I don't know how to send the command from server thread while receive is in progress, like should I need to have another thread (to send cmds) once the connection is established?
How to continuously receive data from clients and also send commands at the same time? Sending commands to each client based on user inputs. (Say user wants client1 to start sending data, then I have to send START to client1. And user wants to stop the client1 from sending, so I need to send STOP to client1 And if user wants data3 cmd to be sent to client 4 then send command DATA3 to client4 etc. How do identify the client in this case? Basically forming a small protocol**
The below code is working where I can listen on socket and client connects and sends data. I'm not sure of how to send user inputted commands to the right client (say client4) and also receive at same time.
If you want to really continously stream data and in parallel want to exchange commands you won't get around an addtional connection to establish the command channel. The alternativ would be some kind of multiplexing. Stream a chunk of data, check for commands, stream the next chunk, check for commands again ... - complicated and error prone as the stream is continously interupted ...
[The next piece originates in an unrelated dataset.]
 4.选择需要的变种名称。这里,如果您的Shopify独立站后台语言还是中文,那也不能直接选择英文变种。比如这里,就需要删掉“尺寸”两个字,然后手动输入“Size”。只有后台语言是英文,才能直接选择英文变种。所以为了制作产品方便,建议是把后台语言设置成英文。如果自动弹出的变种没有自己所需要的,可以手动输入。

The stone old ftp protocol does something similar: http://en.wikipedia.org/wiki/Ftp and https://www.rfc-editor.org/rfc/rfc959 (see ascii art in chapter 2.3)
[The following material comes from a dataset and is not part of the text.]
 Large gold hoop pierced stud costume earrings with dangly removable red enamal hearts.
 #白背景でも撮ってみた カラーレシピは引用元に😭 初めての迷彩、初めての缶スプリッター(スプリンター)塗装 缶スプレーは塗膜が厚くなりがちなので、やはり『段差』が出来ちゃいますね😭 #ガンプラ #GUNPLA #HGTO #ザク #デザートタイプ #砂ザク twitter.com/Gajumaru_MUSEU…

Presuming you want to have another thread initiate the request to send a command, you can accomplish what you want using standard asynchronous i/o, adding in another channel - a pipe - to receive commands from the other thread. Pseudocode:
Master thread:
while(1) {
newsocket = accept(listen socket)
pipefds = pipe()
new thread(Receiver, newsocket, pipefds.read)
}
Receiver thread:
while(1) {
readfds = [ pipefds.read, newsocket ]
poll( readfds ) // wait for there to be data on one of the fds
if (data ready on newsocket) {
read (newsocket)
process data
}
if (data ready on pipefds.read) {
read (pipefds.read)
send command
}
}
Commander thread:
write (pipefds.write, command)
The select in the main Receiver loop will wake up whenever there is data to read on the socket, OR if another thread has sent a command that needs to be sent to the remote connection.
Key syscalls to look up info on are poll (or select), and pipe.
WOO HOO! You've decided to dive into a pretty hairy subject, my friend.
Let me first rephrase your problem: your program can only wait for one thing at a time. If it's waiting on receive, it can't be waiting on send. So you just can't send and receive at the same time.
This is solved by multiplexing: waiting on multiple things.
Googling keywords: io, multiplexing, select, poll.
SO related question: read and write to same socket (TCP) using select
Another approach is to enter a nonblocking-read -> nonblocking-write -> sleep loop. This is obviously less than optimal, but may be enough for your case.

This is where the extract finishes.